What you have to do
In the entries that follow, the first line to write out is the one containing "А как ты думаешь, о", and the last is the one containing "Carved Bone Miniature". Reproduce that stretch exactly, with nothing before or after it.

Data records
*** Block opens ***

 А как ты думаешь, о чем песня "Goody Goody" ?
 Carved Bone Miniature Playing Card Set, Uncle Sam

*** Block closes ***
*** Block opens ***

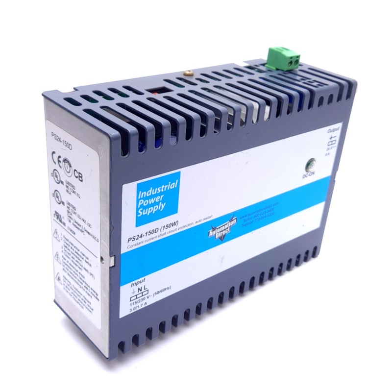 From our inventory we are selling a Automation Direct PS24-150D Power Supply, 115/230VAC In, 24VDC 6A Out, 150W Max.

*** Block closes ***

Solution below
 А как ты думаешь, о чем песня "Goody Goody" ?
 Carved Bone Miniature Playing Card Set, Uncle Sam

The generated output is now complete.